* **WORK ORDER**: Give the data again exactly as written, skipping any pictures.

* **EXERCISE DATA**:
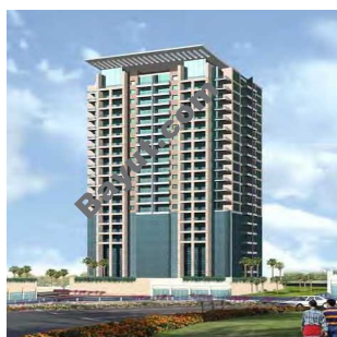
Stadium Point Exterior View
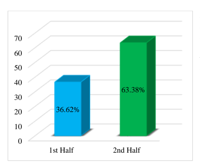
Graphic 1. Half of Goals Scored

Most of the 142 goals scored in the matches played in UEFA EURO 2020 (90 goals - 63.38%) occurred in the second half of the matches.

* **WRITTEN SOLUTION**:
Stadium Point Exterior View
Graphic 1. Half of Goals Scored

Most of the 142 goals scored in the matches played in UEFA EURO 2020 (90 goals - 63.38%) occurred in the second half of the matches.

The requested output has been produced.